What the task asks
The reply must contain exactly the lines below from the one with "O vestido frente" down to the one with "- Földszint: 4", both included, and nothing more; please omit the pictures.

Given entries
--------------------------------------------------
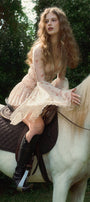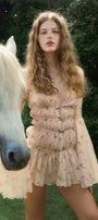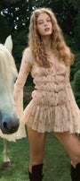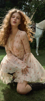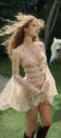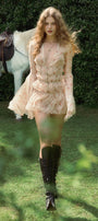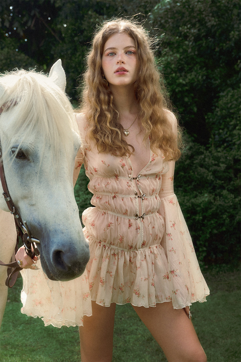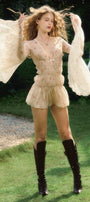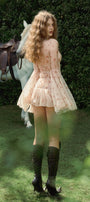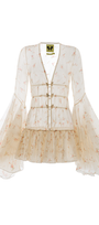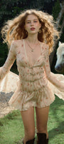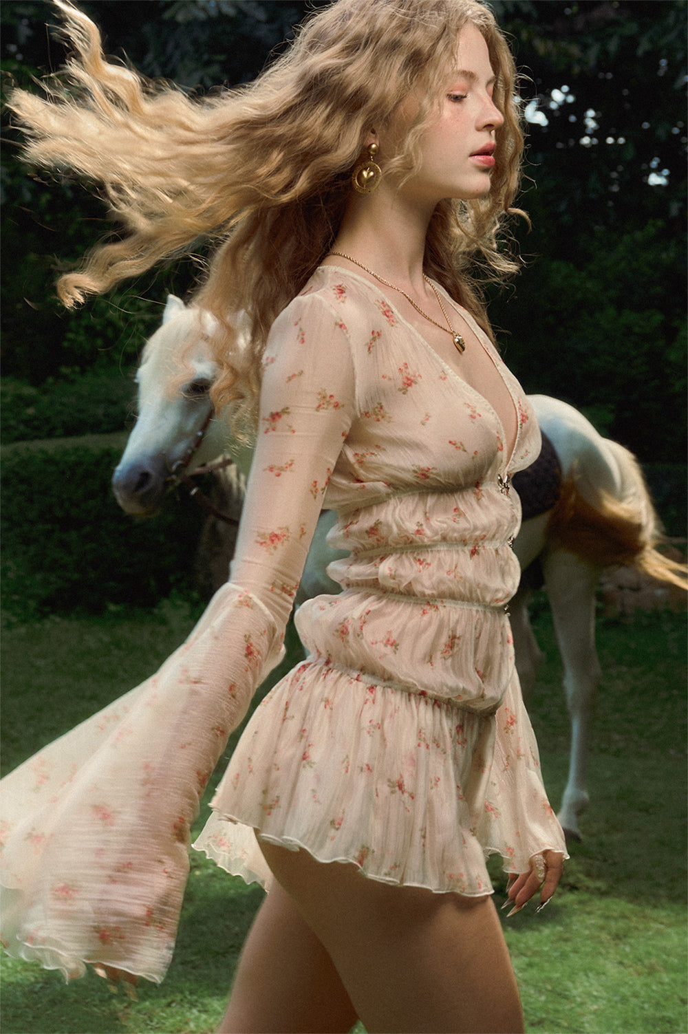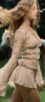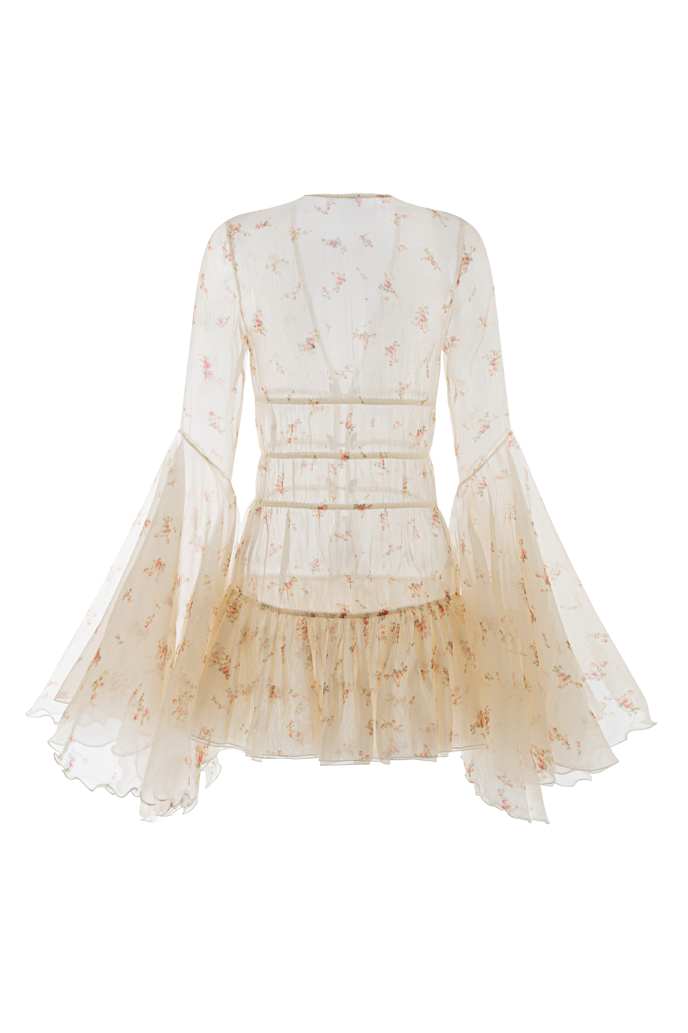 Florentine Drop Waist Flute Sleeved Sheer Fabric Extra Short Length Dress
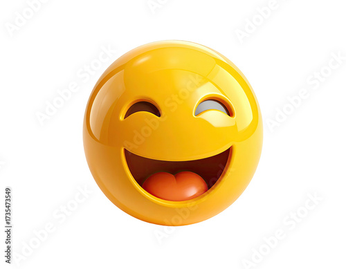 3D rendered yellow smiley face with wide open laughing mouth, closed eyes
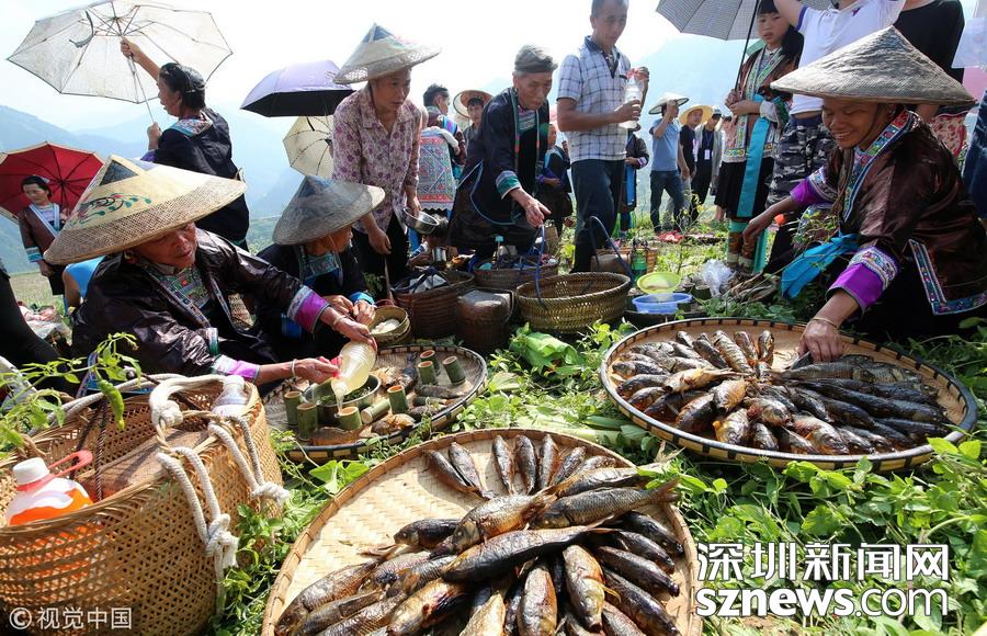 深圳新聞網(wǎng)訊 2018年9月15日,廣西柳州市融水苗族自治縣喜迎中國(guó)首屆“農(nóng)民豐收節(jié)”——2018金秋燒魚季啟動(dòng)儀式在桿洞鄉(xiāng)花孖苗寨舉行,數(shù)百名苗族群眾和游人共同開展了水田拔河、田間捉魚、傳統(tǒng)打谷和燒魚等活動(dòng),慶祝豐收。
--------------------------------------------------
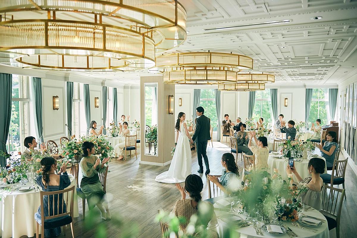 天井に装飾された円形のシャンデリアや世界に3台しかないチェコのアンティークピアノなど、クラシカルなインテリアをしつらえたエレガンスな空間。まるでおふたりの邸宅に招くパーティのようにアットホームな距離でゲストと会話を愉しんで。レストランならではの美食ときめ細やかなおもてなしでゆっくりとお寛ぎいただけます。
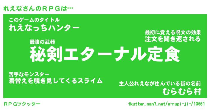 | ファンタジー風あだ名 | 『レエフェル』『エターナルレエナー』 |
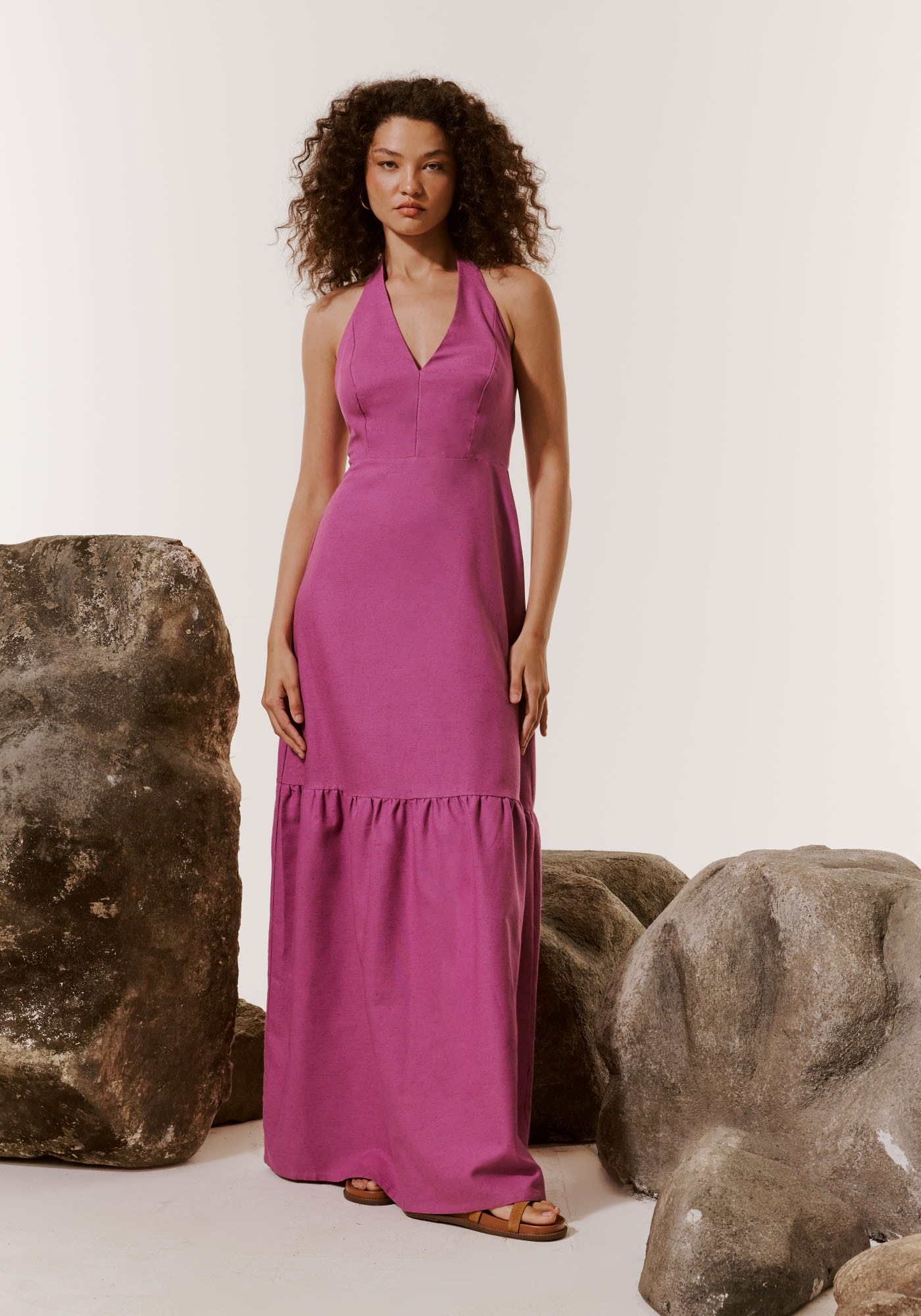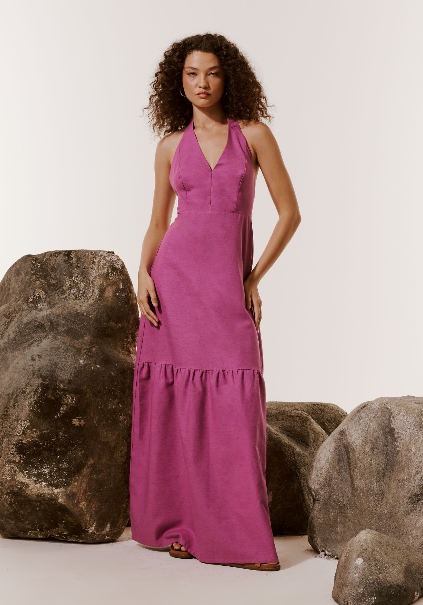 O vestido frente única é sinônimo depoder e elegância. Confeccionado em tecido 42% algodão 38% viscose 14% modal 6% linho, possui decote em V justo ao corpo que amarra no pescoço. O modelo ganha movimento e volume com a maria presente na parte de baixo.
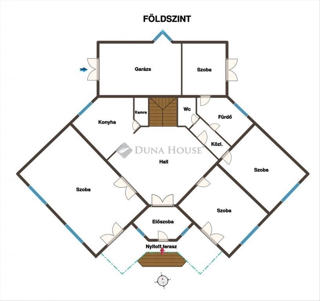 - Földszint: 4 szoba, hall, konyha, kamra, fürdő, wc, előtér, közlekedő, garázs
--------------------------------------------------
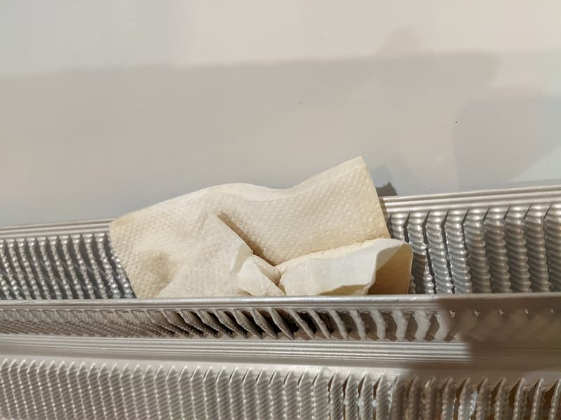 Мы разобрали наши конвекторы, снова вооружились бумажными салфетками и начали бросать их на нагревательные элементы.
--------------------------------------------------
Your response
 O vestido frente única é sinônimo depoder e elegância. Confeccionado em tecido 42% algodão 38% viscose 14% modal 6% linho, possui decote em V justo ao corpo que amarra no pescoço. O modelo ganha movimento e volume com a maria presente na parte de baixo.
 - Földszint: 4 szoba, hall, konyha, kamra, fürdő, wc, előtér, közlekedő, garázs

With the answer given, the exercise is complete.